Extracardiac attacks are moderate. Rapid heartbeat begins to bother you with any physical and mental overload. This type of failure is typical mainly for girls 9-11 years old.

The cardiac type of failure is closely related to diseases of the cardiovascular system. You can see their list below:

  • inflammatory processes (pericarditis, myocarditis, endocarditis);
  • myocardial infarction;
  • cardiosclerosis;
  • dystrophic processes;
  • ischemic disease;
  • decreased or increased concentrations of potassium and magnesium.

The attack usually occurs in a pronounced form even without any special influence of external factors. The child must be shown to a doctor.

During school years, the causes of sinus arrhythmia are usually as follows:

  • frequent experiences;
  • psycho-emotional and physical overload;
  • hormonal changes associated with puberty;
  • anemia caused by a lack of iron.

In a newborn baby, tachycardia is often caused by the following factors:

  • overheat;
  • prolonged crying;
  • swaddling process;
  • heart defects.

Symptoms of arrhythmia

Mild paroxysms of sinus arrhythmia in children from 12 months to 4 years, passing after 5-10 minutes, are considered a completely natural phenomenon. The young body lacks oxygen, which leads to the launch of compensatory mechanisms.

If attacks occur quite often in a child over 10-12 years of age and last more than 10 minutes, then it is recommended to visit a cardiologist.

For their timely detection, it is necessary to study the characteristic symptoms of sinus tachycardia:

  • loss of consciousness;
  • pale skin;
  • increased heart rate;
  • dry cough;
  • dizziness;
  • shortness of breath after physical activity;
  • pain in the heart area;
  • general weakness;
  • nausea.

The severity of the clinical picture depends on the causative factor and other pathologies. Increased frequency of attacks threatens the development of heart disease and aggravation of the child’s condition.

Diagnostics

If signs of sinus tachycardia are detected, it is advisable to show the child to a pediatrician or cardiologist. The doctor will examine and interview the patient (if possible) or one of his parents.

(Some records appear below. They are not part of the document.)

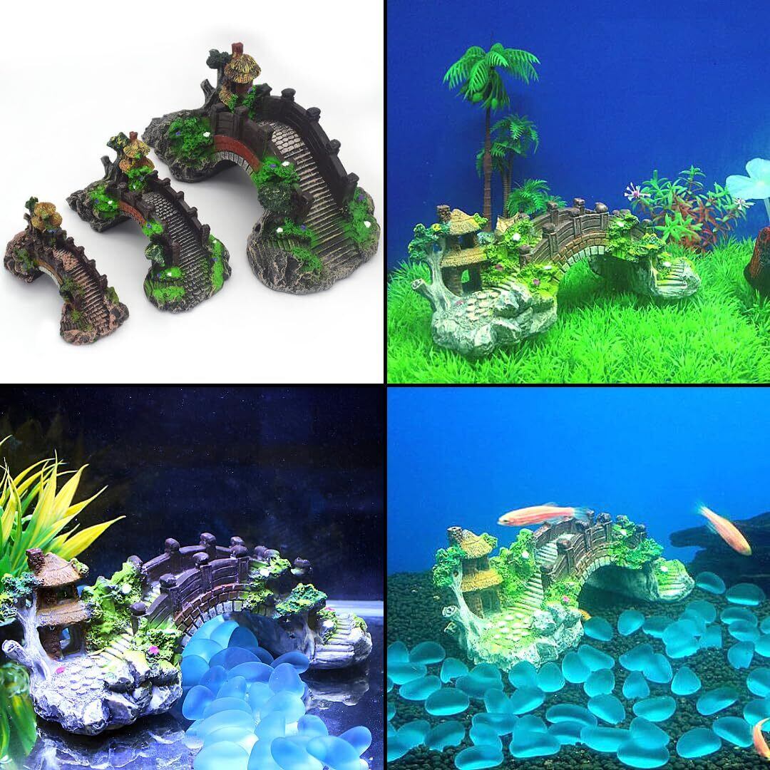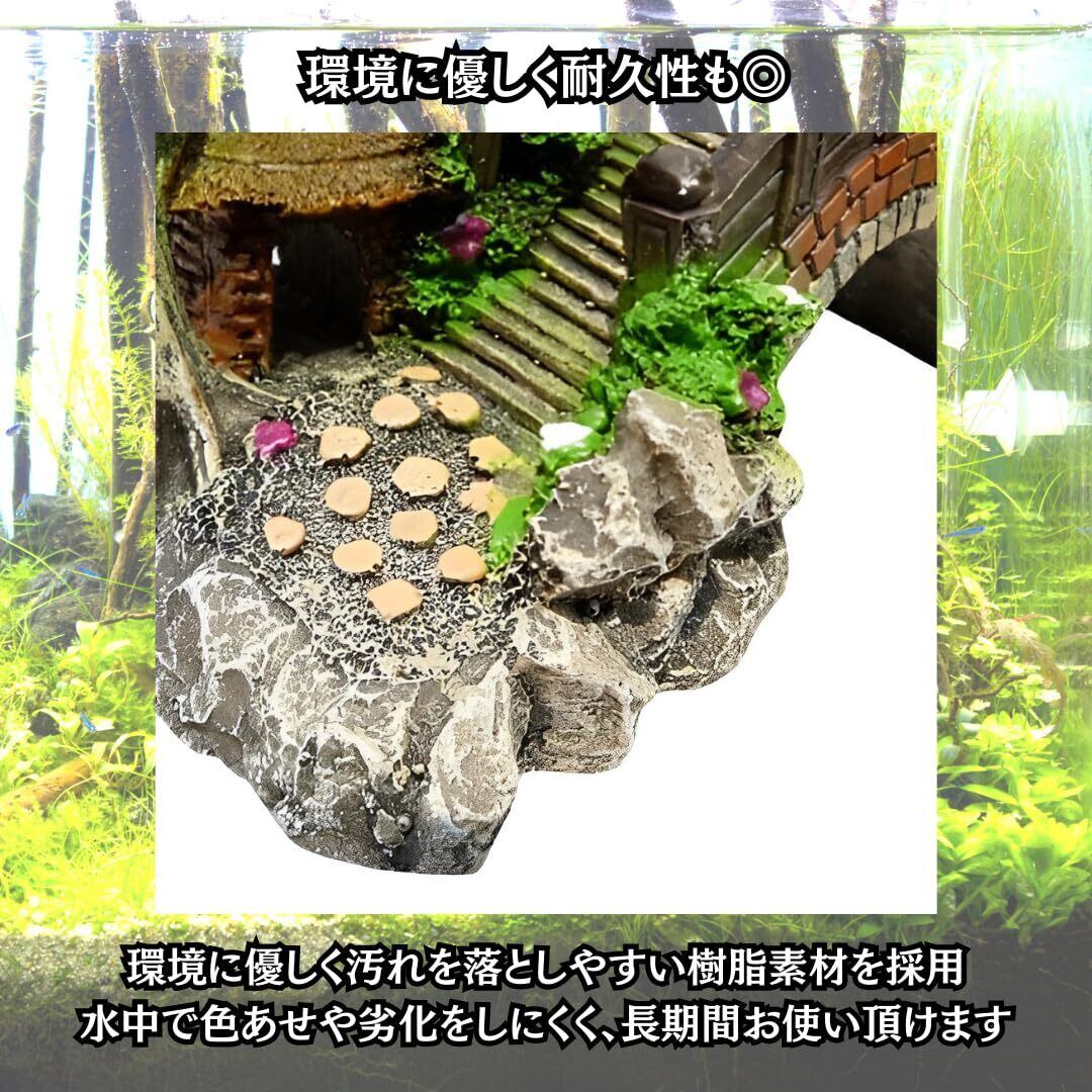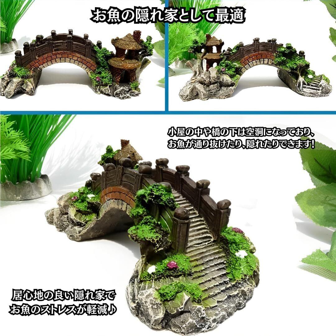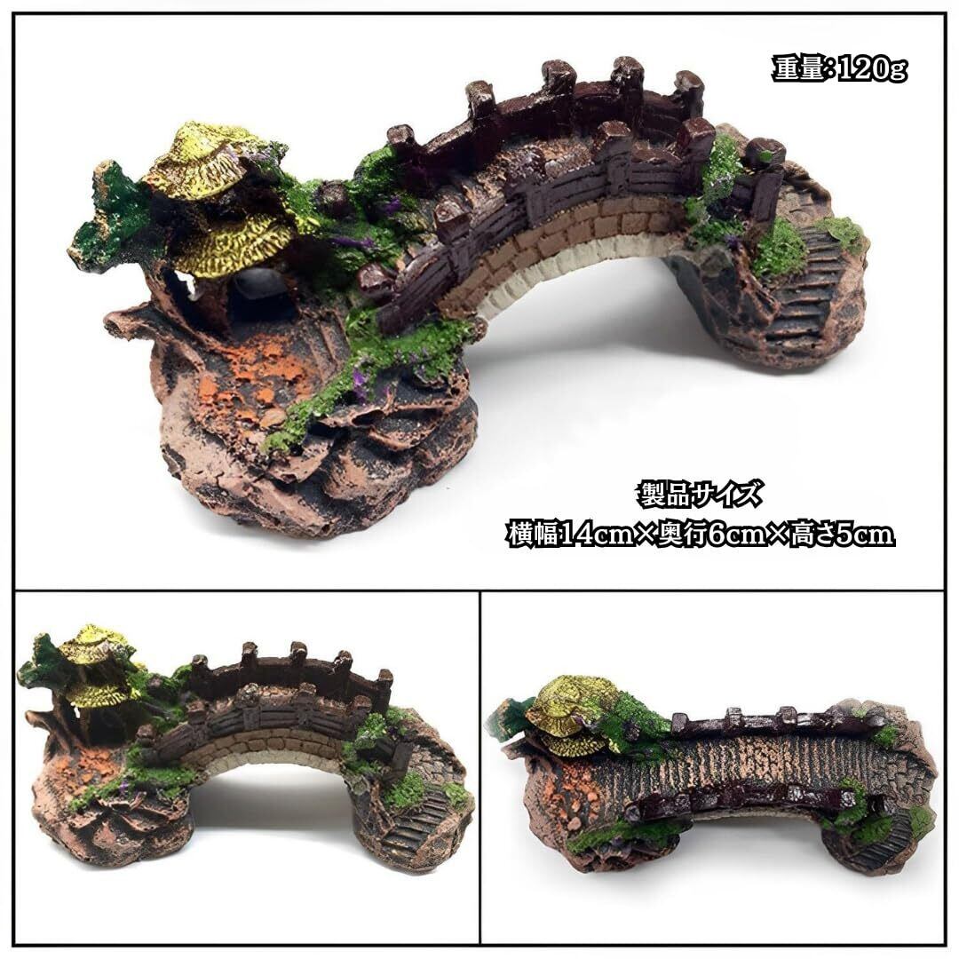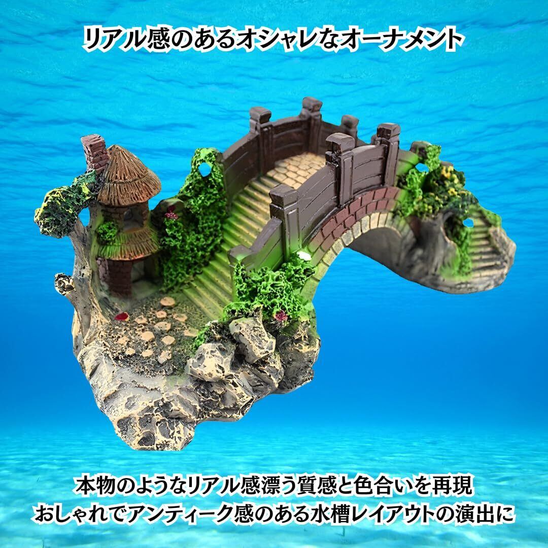 Charmoon アクアリウム 水槽 オブジェ 橋 アーチ 隠れ家 シェルター リアル 和風 日本庭園 (S, グリーン)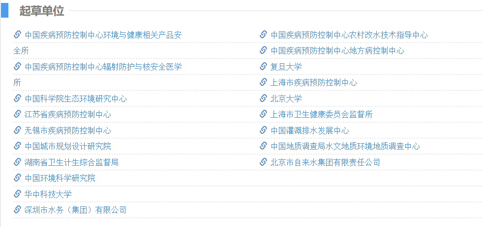 GB 5749-2006起草單位主要為中國(guó)疾病預(yù)防控制中心環(huán)境與健康相關(guān)產(chǎn)品安全所、浙江省衛(wèi)生監(jiān)督所、廣東省衛(wèi)生監(jiān)督所等。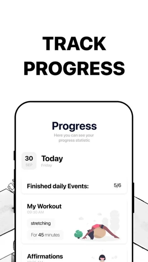The list of provided options are really impressive: task manager, workout tracker, ready-made daily habits, skin care, affirmations, meditation, etc. And there you have it! You easily track your progress and all statistics you need. You can do this on a daily, weekly or monthly basis.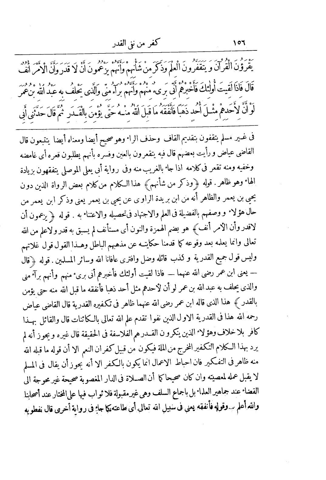 فى غير مسلم يتفقون بِتَقْدِيمِ الْقَافِ وَحَذْفِ الرَّاءِ وَهُوَ صَحِيحٌ أَيْضًا وَمَعْنَاهُ أَيْضًا يَتَتَبَّعُونَ قَالَ الْقَاضِي عِيَاضٌ وَرَأَيْتُ بَعْضَهُمْ قَالَ فِيهِ يَتَقَعَّرُونَ بِالْعَيْنِ وَفَسَّرَهُ بِأَنَّهُمْ يَطْلُبُونَ قَعْرَهُ أَيْ غَامِضَهُ وَخَفِيَّهُ وَمِنْهُ تَقَعَّرَ فِي كَلَامِهِ إِذَا جَاءَ بِالْغَرِيبِ مِنْهُ وَفِي رِوَايَةِ أَبِي يَعْلَى الْمَوْصِلِيِّ يَتَفَقَّهُونَ بِزِيَادَةِ الْهَاءِ وَهُوَ ظَاهِرٌ قَوْلُهُ (وَذَكَرَ مِنْ شَأْنِهِمْ) هَذَا الْكَلَامُ مِنْ كَلَامِ بَعْضِ الرُّوَاةِ الَّذِينَ دُونَ يحيى بن يعمر والظاهر أنه من بن بُرَيْدَةَ الرَّاوِي عَنْ يَحْيَى بْنِ يَعْمَرَ يَعْنِي وذكر بن يَعْمَرَ مِنْ حَالِ هَؤُلَاءِ وَوَصْفِهِمْ بِالْفَضِيلَةِ فِي الْعِلْمِ وَالِاجْتِهَادِ فِي تَحْصِيلِهِ وَالِاعْتِنَاءِ بِهِ قَوْلُهُ (يَزْعُمُونَ أَنْ لَا قَدَرَ وَأَنَّ الْأَمْرَ أُنُفٌ) هُوَ بِضَمِّ الْهَمْزَةِ وَالنُّونِ أَيْ مُسْتَأْنَفٌ لَمْ يَسْبِقْ بِهِ قَدَرٌ وَلَا عِلْمٌ مِنَ اللَّهِ تَعَالَى وَإِنَّمَا يَعْلَمُهُ بَعْدَ وُقُوعِهِ كَمَا قَدَّمْنَا حِكَايَتَهُ عَنْ مَذْهَبِهِمُ الْبَاطِلِ وَهَذَا الْقَوْلُ قَوْلُ غُلَاتِهِمْ وَلَيْسَ قَوْلُ جَمِيعِ الْقَدَرِيَّةِ وَكَذَبَ قَائِلُهُ وَضَلَّ وَافْتَرَى عَافَانَا اللَّهُ وَسَائِرَ الْمُسْلِمِينَ قَوْلُهُ (قال يعنى بن عُمَرَ رَضِيَ اللَّهُ عَنْهُمَا فَإِذَا لَقِيتَ أُولَئِكَ فَأَخْبِرْهُمْ أَنِّي بَرِيءٌ مِنْهُمْ وَأَنَّهُمْ بُرَآءُ مِنِّي وَالَّذِي يَحْلِفُ بِهِ عَبْدُ اللَّهِ بْنُ عُمَرَ لَوْ أَنَّ لِأَحَدِهِمْ مِثْلَ أُحُدٍ ذَهَبًا فَأَنْفَقَهُ مَا قَبِلَ اللَّهُ مِنْهُ حَتَّى يُؤْمِنَ بِالْقَدَرِ) هذا الذى قاله بن عُمَرَ رَضِيَ اللَّهُ عَنْهُمَا ظَاهِرٌ فِي تَكْفِيرِهِ الْقَدَرِيَّةَ قَالَ الْقَاضِي عِيَاضٌ رَحِمَهُ اللَّهُ هَذَا فِي الْقَدَرِيَّةِ الْأُوَلِ الَّذِينَ نَفَوْا تَقَدُّمَ عِلْمِ اللَّهِ تَعَالَى بِالْكَائِنَاتِ قَالَ وَالْقَائِلُ بِهَذَا كَافِرٌ بِلَا خِلَافٍ وَهَؤُلَاءِ الَّذِينَ يُنْكِرُونَ الْقَدَرَ هُمُ الْفَلَاسِفَةُ فِي الْحَقِيقَةِ قَالَ غَيْرُهُ وَيَجُوزُ أَنَّهُ لَمْ يُرِدْ بِهَذَا الْكَلَامَ التَّكْفِيرَ الْمُخْرِجَ مِنَ الْمِلَّةِ فَيَكُونُ مِنْ قَبِيلِ كُفْرَانِ النِّعَمِ إِلَّا أَنَّ قَوْلَهُ مَا قَبِلَهُ اللَّهُ مِنْهُ ظَاهِرٌ فى التكفير فَإِنَّ إِحْبَاطَ الْأَعْمَالِ إِنَّمَا يَكُونُ بِالْكُفْرِ إِلَّا أَنَّهُ يَجُوزُ أَنْ يُقَالَ فِي الْمُسْلِمِ لَا يُقْبَلُ عَمَلُهُ لِمَعْصِيَتِهِ وَإِنْ كَانَ صَحِيحًا كَمَا أَنَّ الصَّلَاةَ فِي الدَّارِ الْمَغْصُوبَةِ صَحِيحَةٌ غَيْرُ مُحْوِجَةٍ إِلَى الْقَضَاءِ عِنْدَ جَمَاهِيرِ الْعُلَمَاءِ بَلْ بِإِجْمَاعِ السَّلَفِ وَهِيَ غَيْرُ مَقْبُولَةٍ فَلَا ثَوَابَ فِيهَا عَلَى الْمُخْتَارِ عِنْدَ أَصْحَابِنَا وَاللَّهُ أَعْلَمُ وَقَوْلُهُ فَأَنْفَقَهُ يَعْنِي فِي سَبِيلِ اللَّهِ تَعَالَى أَيْ طَاعَتِهِ كَمَا جَاءَ فِي رِوَايَةٍ أُخْرَى قال نفطويه

To make a diagnosis and determine the cause, the following examinations may be prescribed:

  • Donating blood for tests allows you to find out the concentration of hormones (thyroid, adrenal glands) and identify the presence of pathologies (leukemia, anemia).
  • Electrocardiography (ECG) is needed to determine the frequency and rhythm of the heartbeat.
  • Analysis of urine (urine) will help eliminate endocrine disruptions associated with an excess of adrenaline and other hormones.
  • Holter electrocardiography is a round-the-clock monitoring of the work of the heart muscle. Due to the variable nature of arrhythmia, it is used extremely often, since various factors influence a person during the day. The data recorded on the device will allow you to identify or exclude the presence of arrhythmia.
  • Bicycle ergometry is performed on an exercise bike to assess the work of the heart when the body receives physical activity.
  • Electrophysiological research helps to detect failures in the conduction system.
  • Ultrasound examination of the heart is used to identify disturbances in the functioning of the sinus node, as well as defects and dystrophic changes in the myocardium.
  • The doctor will recommend electroencephalography of the brain if there is a suspicion of diseases of the central nervous system.

Treatment methods

Most attacks of sinus tachycardia occur unnoticed. Treatment is required if the child experiences obvious discomfort or the attack lasts more than 10 minutes. The doctor, based on the results of the diagnosis and examination, will be able to draw up a treatment plan. It usually looks like this:

  • compliance with the rules of prevention;
  • taking vitamin complexes, sedatives;
  • use of vagal tests;
  • surgical intervention.

Surgeon assistance may be required if thyrotoxicosis or pheochrocytoma is present. The essence of the operation is to remove the pathological area of ​​the gland. Other types of intervention are also used, depending on the cause of the abnormal heart rhythm.

Medicines are prescribed exclusively by the attending physician. Self-administration of medications can cause the development of side effects (bradycardia, hypotension, allergic reaction).

Drug treatment

Treatment of more advanced cases involves taking medications:

  • Sedatives (Phenibut, Tenoten for Children, Phytosedan) are used to reduce excitability and normalize the functioning of the nervous and cardiovascular systems.
  • Preparations based on magnesium and potassium (Panagin, Asparkam) eliminate arrhythmia by improving impulse conduction, regulating pressure and maintaining optimal vascular tone.
  • Iron-based products (“Aktiferrin”, “Totema”) help eliminate arrhythmia caused by anemia.
  • Cardiac glycosides (Digoxin, Celanide) are used to improve heart function and stabilize blood pressure.

If the sinus form of tachycardia is a consequence of various diseases, then after their elimination the arrhythmia will go away. The basis of treatment is methods aimed at stopping the causative factor.

First aid measures

Parents should learn what to do during an attack to alleviate the child's condition. The list of effective methods for reducing heart rate is as follows:

  • Remove clothing from the neck and chest area for better air intake.
  • Place the child on a bed in a well-ventilated area or take him outside.
  • Give sparkling water to drink.
  • Apply vagal tests.
  • Apply cold compresses to the head and neck. If the case concerns a child under 2 years old, then this method is contraindicated.

Vagal tests stimulate the vagus nerve through physical stimulation, thereby reducing the intensity of heart contractions. Not all of them are suitable for stopping an attack in children due to the characteristics of a young body. A list of the most effective and safest methods is given below:

  • Take a deep breath and hold your abdominal muscles tense. After 10-15 seconds, exhale through pursed lips. Perform the test 7-8 times.
  • Close your eyes and pull them slightly over your eyelids. After 10-15 seconds, reduce the strength. Repeat 5-6 times.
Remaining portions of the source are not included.